It is still not the crypto-to-crypto transaction guys. Bitpay is still in the middle so there is a cost in the middle. If this is a crypto-to-crypto transaction then I would say that this is really a big news. But for AT&T to have someone in the middle to process the service then this could be considered as 'half-baked', in my opinion.
But honestly, this is the way bitcoin payments are going to be done. Companies are not going to hold a volatile asset as a means of payment/revenue, doesn't matter if the asset is going up. They simply aren't going to hold a volatile currency. There will always be a middle man for bitcoin payments for 99.9% of companies.
I have a thread on here where I point out this will actually hurt the bitcoin price because every bitcoin that gets spent by someone isn't just moving to a merchant, instead it is being immediately sold on the market, creating downward pressure on the price. Of course to balance this, merchant adoption means it is more likely more people will own bitcoin in the first place, but the immediate effect of spending bitcoin will be the same as if you sold it because companies are always going to use services like bitpay. They have balance sheets in USD or whatever national currency, which means they need to square up revenue in fiat not in crypto.
The rare exception would be something like Overstock where the CEO wants to move it to being a blockchain company and it actively invests in bitcoin by keeping some of the bitcoin payments it receives in bitcoin rather than converting all immediately to fiat. Don't expect direct adoption of bitcoin by most merchants, it just doesn't make sense for them in terms of risk or accounting. It is one thing for a company to invest in something using funds they've set aside for investments, but companies aren't going to put their direct revenue up to the whims of the market after receiving that revenue from the customer.
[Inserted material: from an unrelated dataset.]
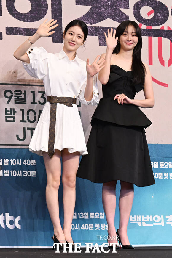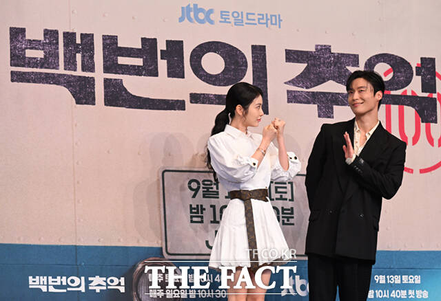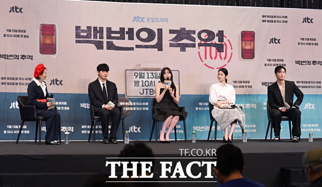 [더팩트ㅣ이새롬 기자] 김상호 감독과 배우 신예은, 김다미, 허남준(왼쪽부터)이 11일 서울 구로구 더 링크 서울 호텔에서 열린 JTBC 새 토일드라마 '백번의 추억' 제작발표회에 참석해 포즈를 취하고 있다.

The important thing is that large companies are starting to accept bitcoin. The Spedn app apparently works with multiple large retailers, and now AT&T accepts bitcoin as well. All of a sudden now in 2019 numerous major companies accept bitcoin payments, that is HUGE! Though I still think Amazon is the big fish we are waiting on, given that is it the central hub for buying things on the internet for a significant part of the world. But already we can now have an answer to people when they say "where can you even spend it", we can now list a number of large well known companies that accept bitcoin, and that list will only continue to grow!